To get maximum tokens generated for target CPU

Archana Barve
Jun 9
1 min read

Updated: Jun 13

LLMs are Getting Better and Smaller

Let’s look at Llama as an example. The rapid evolution of these models highlights a key trend in AI: prioritizing efficiency and performance.

When Llama 2 70B launched in August 2023, it was considered a top-tier foundational model. However, its massive size demanded powerful hardware like the NVIDIA H100 accelerator. Less than nine months later, Meta introduced Llama 3 8B, shrinking the model by almost 9x. This enabled it to run on smaller AI accelerators and even optimized CPUs, drastically reducing the required hardware costs and power usage.

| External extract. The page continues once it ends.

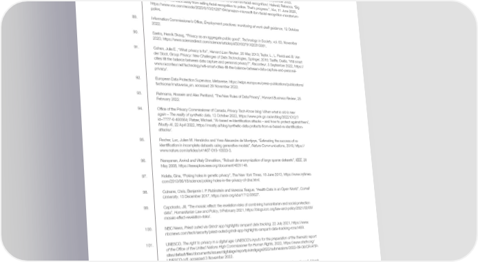 Endnotes 84. Robbins, Sam and Chia-Shuo Tang, “How Asia’s Digital Governance Beacon Balances Data Privacy and the ‘Public Good’”, The Diplomat, 20 October 2022. 85. The right to privacy is enshrined by Article 12 of the Universal Declaration on Human Rights. 86. Sætra, Henrik Skaug, “Privacy as an aggregate public good”, Technology in Society, vol. 63, November 2020, https://www.sciencedirect.com/science/article/pii/S0160791X20310381. 87. Organisation for Economic Co-operation and Development (OECD), Enhancing access to and sharing of data: reconciling risks and bene昀椀ts for data re-use across societies, 2020, https://www.oecd-ilibrary.org/ sites/15c62f9c-en/index.html?itemId=/content/component/15c62f9c-en. 88. Goujard, Clothilde, “Europe edges closer to a ban on facial recognition”, Politico, 20 September 2022, https://www.politico.eu/article/europe-edges-closer-to-a-ban-on-facial-recognition/; Heilweil, Rebecca, “Big tech companies back away from selling facial recognition to police. That’s progress.”, Vox, 11 June 2020, https://www.vox.com/recode/2020/6/10/21287194/amazon-microsoft-ibm-facial-recognition-moratorium- police. 89. Information Commissioner’s Of昀椀ce, Employment practices: monitoring at work draft guidance, 12 October 2022. 90. Sætra, Henrik Skaug, “Privacy as an aggregate public good”, Technology in Society, vol. 63, November 2020, https://www.sciencedirect.com/science/article/pii/S0160791X20310381. 91. Cohen, Julie E., “What privacy is for”, Harvard Law Review, 20 May 2013; Taylor, L., L. Floridi and B. Van der Sloot, Group Privacy: New Challenges of Data Technologies, Springer, 2016; Taaffe, Ouida, “Will smart cities tilt the balance between data capture and personal privacy?”, Raconteur, 5 September 2022, https:// www.raconteur.net/technology/will-smart-cities-tilt-the-balance-between-data-capture-and-personal- privacy/. 92. European Data Protection Supervisor, Metaverse, https://edps.europa.eu/press-publications/publications/ techsonar/metaverse_en, accessed 29 November 2022. 93. Rahnama, Hossein and Alex Pentland, “The New Rules of Data Privacy”, Harvard Business Review, 25 February 2022. 94. Of昀椀ce of the Privacy Commissioner of Canada, Privacy Tech-Know blog: When what is old is new again – The reality of synthetic data, 12 October 2022, https://www.priv.gc.ca/en/blog/20221012/? id=7777-6-493564; Platzer, Michael, “AI-based re-Identi昀椀cation attacks – and how to protect against them”, Mostly AI, 22 April 2022, https://mostly.ai/blog/synthetic-data-protects-from-ai-based-re-identi昀椀cation- attacks/. 95. Rocher, Luc, Julien M. Hendrickx and Yves-Alexandre de Montjoye, “Estimating the success of re- identi昀椀cation in incomplete datasets using generative models”, Nature Communications, 2019, https:// www.nature.com/articles/s41467-019-10933-3. 96. Narayanan, Arvind and Vitaly Shmatikov, “Robust de-anonymization of large sparse datasets”, IEEE, 28 May 2008, https://ieeexplore.ieee.org/document/4531148. 97. Kolata, Gina, “Poking holes in genetic privacy”, The New York Times, 16 June 2013, https://www.nytimes. com/2013/06/18/science/poking-holes-in-the-privacy-of-dna.html. 98. Culnane, Chris, Benjamin I. P. Rubinstein and Vanessa Teague, “Health Data in an Open World”, Cornell University, 15 December 2017, https://arxiv.org/abs/1712.05627. 99. Capotosto, Jill, “The mosaic effect: the revelation risks of combining humanitarian and social protection data”, Humanitarian Law and Policy, 9 February 2021, https://blogs.icrc.org/law-and-policy/2021/02/09/ mosaic-effect-revelation-risks/. 100. NBC News, Priest outed via Grindr app highlights rampant data tracking, 22 July 2021, https://www. nbcnews.com/tech/security/priest-outed-grindr-app-highlights-rampant-data-tracking-rcna1493. 101. UNESCO, The right to privacy in a digital age: UNESCO’s inputs for the preparation of the thematic report of the Of昀椀ce of the United Nations High Commissioner for Human Rights, 2022, https://www.ohchr.org/ sites/default/昀椀les/documents/issues/digitalage/reportprivindigage2022/submissions/2022-09-06/CFI-RTP- UNESCO.pdf, accessed 3 November 2022. 102. McKenna, Anne Toomey, “Customer Data Can Be Used As Evidence in Government Surveillance”, Marsh McLennan, 13 November 2022, https://www.brinknews.com/customer-data-can-be-used-as-evidence-in- government-surveillance/. 103. Senate Finance Subcommittee on Fiscal Responsibility and Economic Growth, Testimony of Samm Sacks: Hearing on Promoting Competition, Growth and Privacy Protection in the Technology Sector, 7 December 2021; Sherman, Justin, “The Open Data Market and Risks to National Security”, Lawfare, 3 February 2022, https://www.lawfareblog.com/open-data-market-and-risks-national-security; Cadell, Cate, “China harvests masses of data on western targets, documents show”, The Washington Post, 31 December 2021 ; Benson, Thor, “The Danger of License Plate Readers in Post-Roe America”, WIRED, 7 July 2022; Grant, Nico, “Google Says It Will Delete Location Data When Users Visit Abortion Clinics”, The New York Times,1 July 2022. 104. Collins, Barry, “Mission Impossible: 7 Countries Tell Facebook to Break Encryption”, Forbes, 11 October 2020. Global Risks Report 2023 54

Impressively, Llama 3 8B surpassed its larger predecessor in accuracy benchmarks.

Setup details

Tested with llama.cpp on

Machine: Gv4 r8g.24xlarge
OS: ubuntu 2204
kernel: 6.8.AWS
Model: Meta-Llama-3.1-8B-Instruct- Q8_0.gguf

Test sweep

nproc x nthreads x bs [1-32]

Graphs with observations highlighting benefits

Token generation is done in an auto-regressive manner and is highly sensitive to the length of output needed to be generated. Arm optimizations help here with larger batch sizes, increasing the throughput by more than 2x.